The museum is a sprawling set of listed buildings, and there are almost no areas where the 60,000 objects in the collection are not on display. Corridors have been turned into galleries, artefacts hang from every surface and even staircases themselves are works of art.
We needed to make the museum feel more manageable, and through a little bit of sleight of hand, we renumbered the whole building so the top floor is now level 4, rather than level 6. It makes the far-flung galleries feel closer to the ground.
One of the most significant innovations in the system is the use of colour. We stripped away extraneous layers, reserving colour as a highlight purely for paid exhibitions.
Acting as a beacon, these colours draw visitors through the busy ground floor, getting them to their destinations faster. This protects one of the museum’s core revenue streams that helps to keep the permanent galleries free to enter.
When designing wayfinding, we are very careful to be sensitive to the surrounding architecture – and in projects where architects are involved, we work alongside them to complement their designs.
At the V&A we borrowed from the language of museum display in grade I listed surroundings to create signage that echoed object plinths.
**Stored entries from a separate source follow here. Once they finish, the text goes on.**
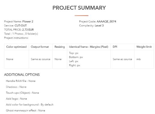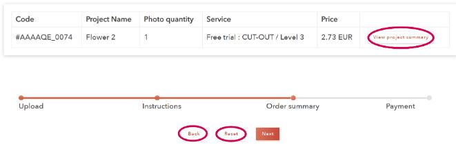 After clicking on "Next", you have access to your "Project summary". If you forgot something, click on "Back" and choose more options. Click on "Reset" if you want to cancel your project:
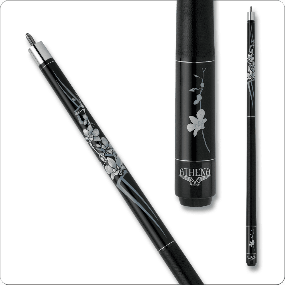 Athena pool cues are designed specifically for women players, featuring optimized sizing and stunning artistic designs. The Athena ATH32 features 29″ Hard rock maple, 10-12″ Pro taper shaft, Black Irish linen wrap for exceptional playability. The traditional Irish linen wrap offers excellent grip and moisture absorption during extended play. An excellent choice for players developing their skills and building consistency.
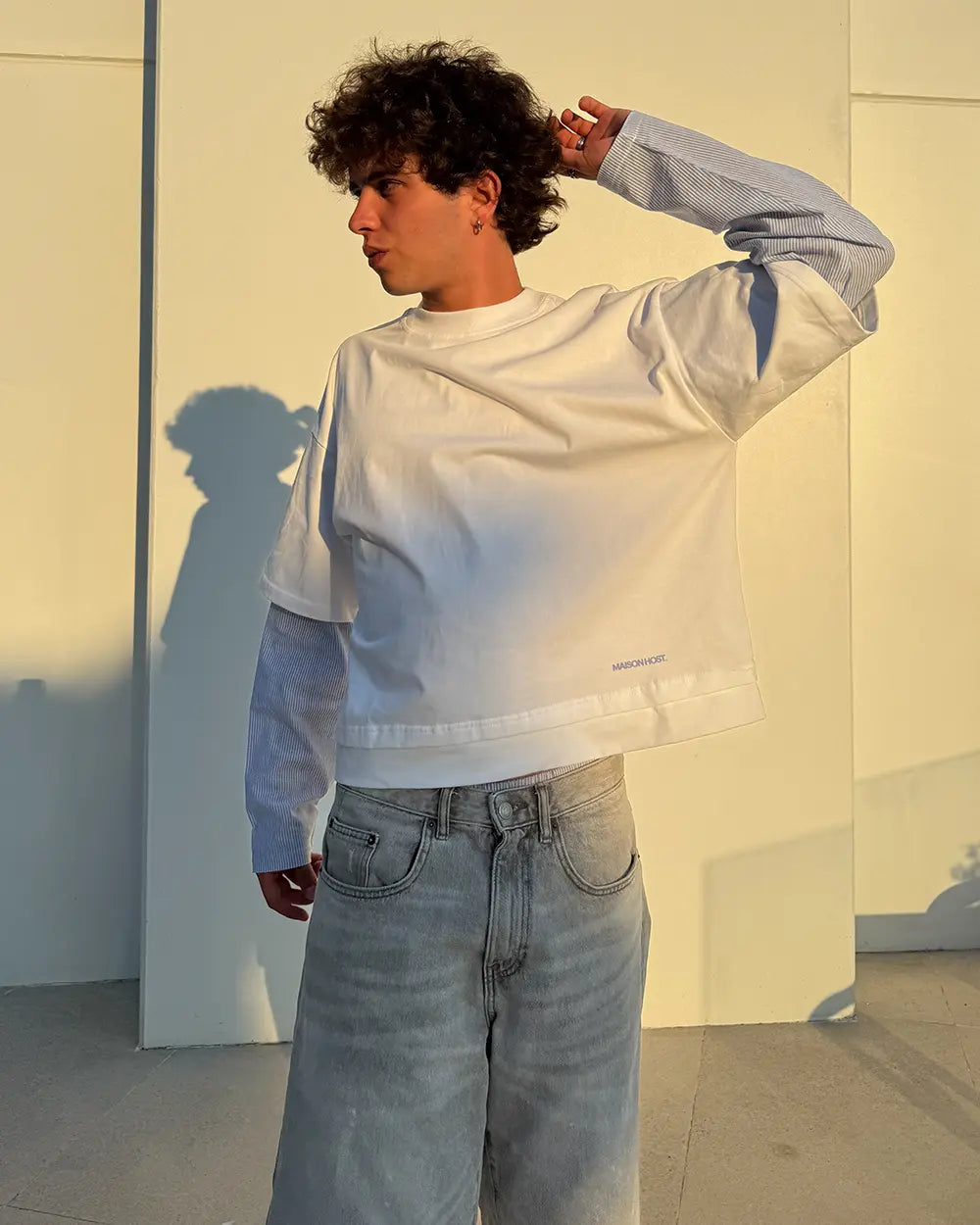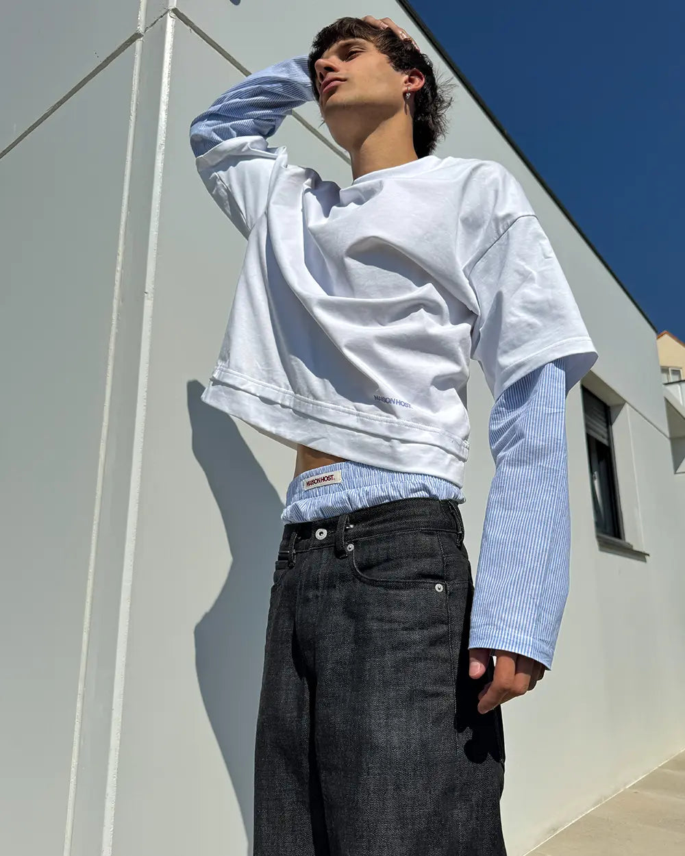 Features an inner shirt-fabric layer with blue stripes visible on the sleeves. Finished with a small MaisonHost® digital print on the lower right front.

Signs are made from wood to add to the sense of permanence and quality, vital for such a prestigious environment, and dyed black to harmonise with their surroundings.
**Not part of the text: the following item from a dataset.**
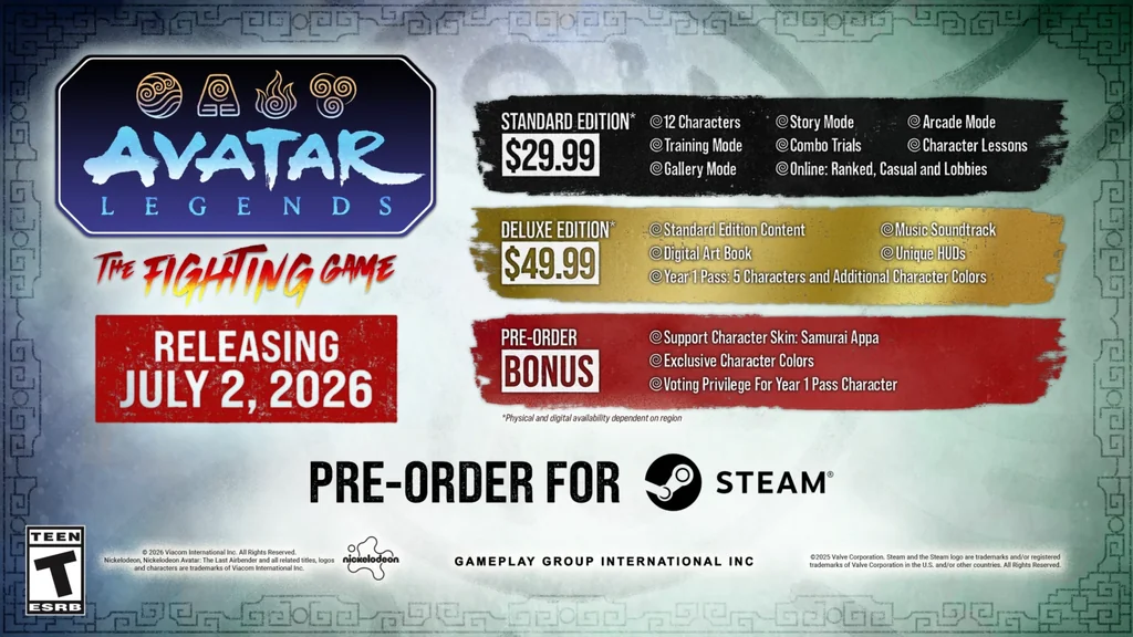 Avatar trailer also came out with info on shit.https://www.youtube.com/watch?v=NSPaqSNHupo>$30>July 2nd release date>10 characters revealed, 2 more left to show>Aang, Korra, Katara, Zuko, Toph, Ozai, Azula, Sokka, Zaheer, and Kyoshi>Season 1 character vote is part of the pre-orders>Looks pretty fucking barebones outside of the fighting, only thing advertised is Arcade Mode and Rollback
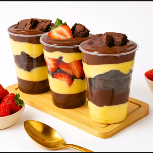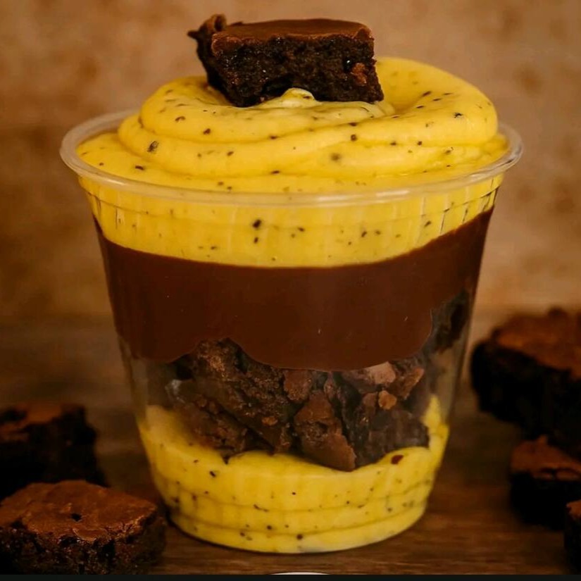 Uma sobremesa encantadora, montada em camadas generosas de brigadeiro cremoso de maracujá, combinadas com pedaços de brownie artesanal e morangos frescos, trazendo um contraste perfeito entre doçura e frescor.

I am particularly proud of the work we did on the visitor map, however. It’s an elegant piece of design that, through a series of subtle changes, makes the complex spaces of the museum easier to navigate.
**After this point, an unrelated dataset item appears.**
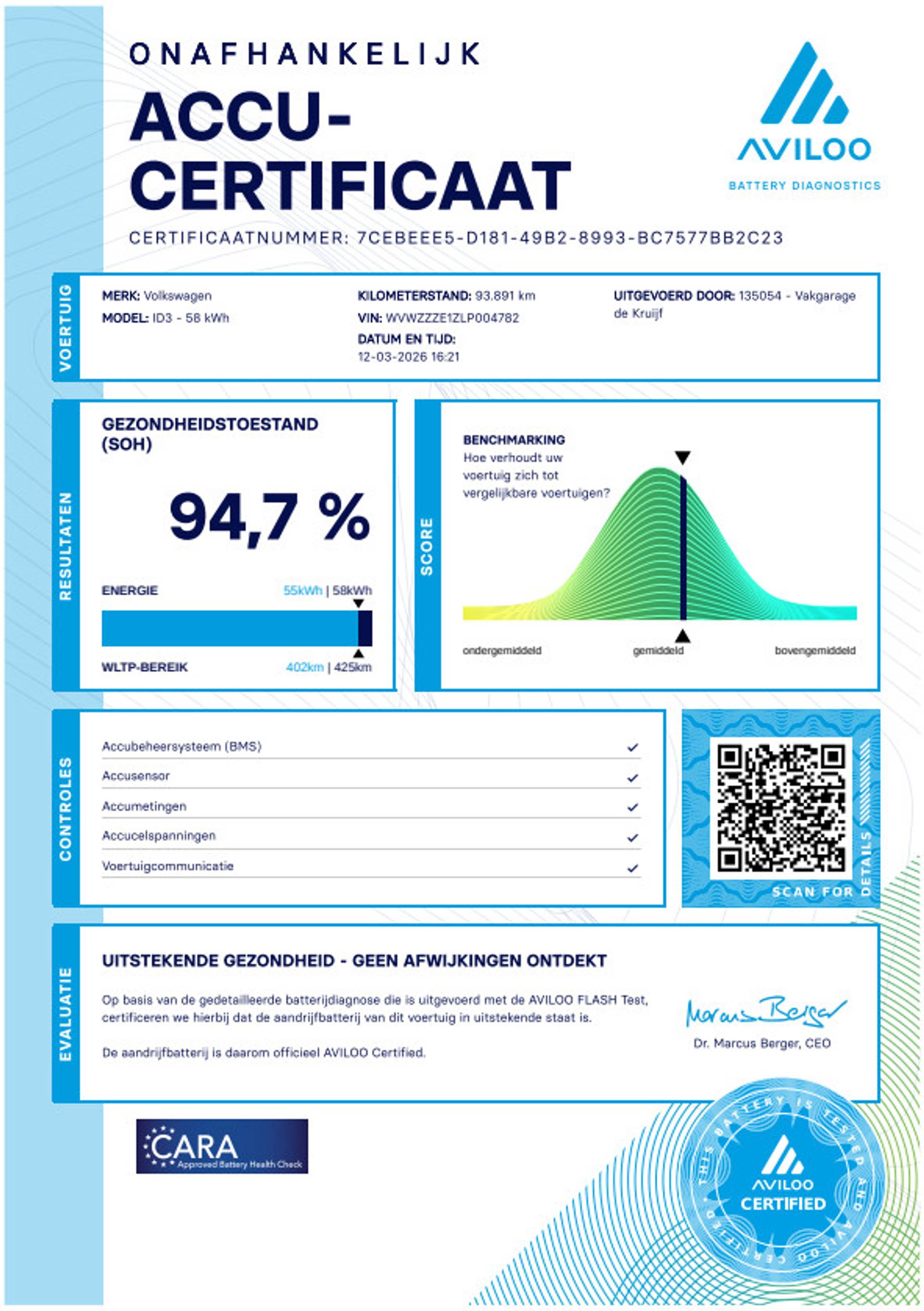 SoH Accu is 94,7% Dealeronderhouden!

Walls are drawn as solid barriers; galleries are named as well as numbered, removing awkward cross-referencing; and type sizes are increased. All this we achieved while making the plan larger, more relevant and more compact to carry around. Crucially we re-drew it with the knowledge that it was also to be used in a digital environment as well as in print, so it is fit for future purpose.
What has been the biggest challenge of your career to date?
Realising that not having a traditional design background has made me a better designer.
If you could change one thing about the industry, what would it be?
Free pitching. Commercially, I understand it; creatively, it frustrates me as it is always difficult to make a response truly specific and relevant without collaborating with your client.
What is the most helpful advice that you have been given?
Hire people that are more talented than you. It is easy to be scared by people you feel are somehow more than you are, but ultimately, it’s liberating. And it is the only way to build a sustainable business. The team we have built at DNCO is super-talented, far younger than I am, and full of great ideas.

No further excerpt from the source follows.